Por sinal, esse elemento da viagem no tempo conecta o espectador brasileiro um pouco mais com “Aloners”. É curioso perceber que a sociedade daquele país convive, em alguma medida, com uma depressão pós-Copa do Mundo, um evento de trinta dias que nos faz acreditar que é possível viver em festa, celebrando a união dos povos e que o futuro nos trará bons frutos com os proveitos econômicos. Também fomos enganados por aqui em 2014.
Jina não quer saber de qualquer nuance na prestação de seu serviço. Ela apenas quer colocar os fones de ouvido e tirar até que sua comida congelada fique pronta no micro-ondas para ela trocar o smatphone pela TV da quitinete. Ela deixará para buscar perspectiva (sabe-se lá do que) no que (ainda) chamamos de férias. Na sua casa, a notícia assustadora de que foi incapaz de perceber por dias a morte de um vizinho, parece abalá-la menos do que o encontro (ou reencontro) com o novo morador.
Seu pai é o contraponto de um choque geracional em curso. Acostumado com a socialização, ele carrega consigo planos para quando o respeitoso período de luto se encerrar. Fugindo da subjetividade do julgamento sobre sua pessoa, fica nítido seu receio em gerar desconforto na filha. Por isso inventa supostas crises de saúde que o levam para um hospital, enquanto fala com Jina da sala de sua casa. Para ele, não é possível existir laços unidos à distância. Não compreende como a jovem quer abdicar de qualquer convívio, talvez porque a toxicidade dos contatos humanos do emprego dela não sejam mensuráveis para ele. Ele quer atenção e, como consequência, interpreta mal o que vê como frieza da moça.

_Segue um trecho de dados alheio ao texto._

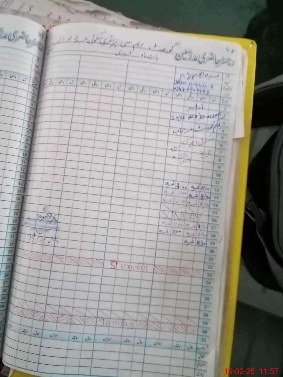 | CNIC | Full Name | Designation | R/C | Absence During Last Calender Month |
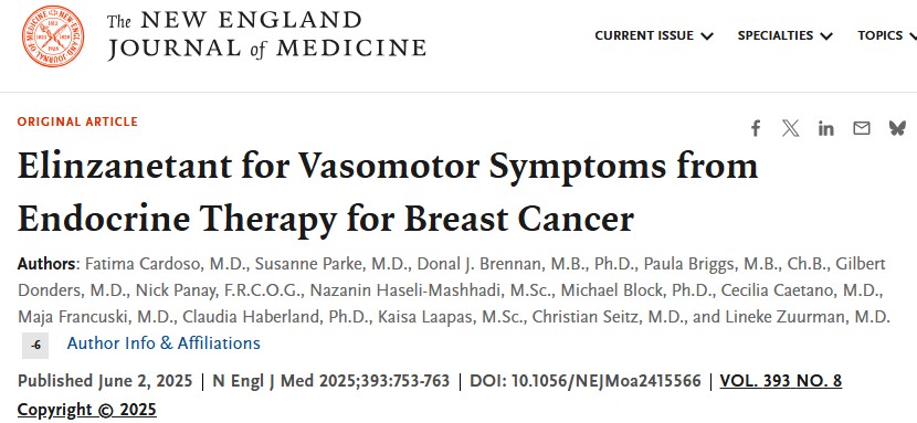 Elinzanetant for Vasomotor Symptoms from Endocrine Therapy for Breast Cancer | New England Journal of Medicine
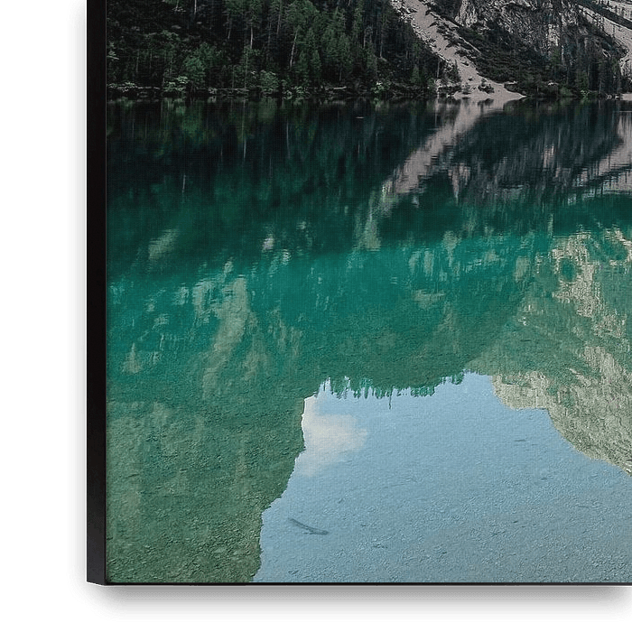 Buy the photo The turquoise-coloured Lago di Braies is nestled quietly between the steep rock faces of the Dolomites. Mirror-smooth water by Miriam Schwarzfischer Fotografie on canvas, ArtFrame, poster and wallpaper, printed on demand in high quality.

“Aloners” é uma estreia excepcional de uma realizadora que coloca as atuais dores do mundo no papel e na tela. Pelo mesmo dispositivo que vemos a existência de Jina se dilacerar, fruímos de uma obra que se alia à forma unipessoal de distribuição audiovisual que, por tabela, critica. Não há qualquer problema nisso. Aliás, que bom seria que o tempo dedicado a este consumo fosse direcionado para criações como esta. Por fim, é possível que o texto seja quase tão divagante quando as sensações do filme. É possível, inclusive, que a causa seja a inviabilidade de focar no que importa, algo que a mistura de pressão externa com a nossa ansiedade de cada dia nos traz.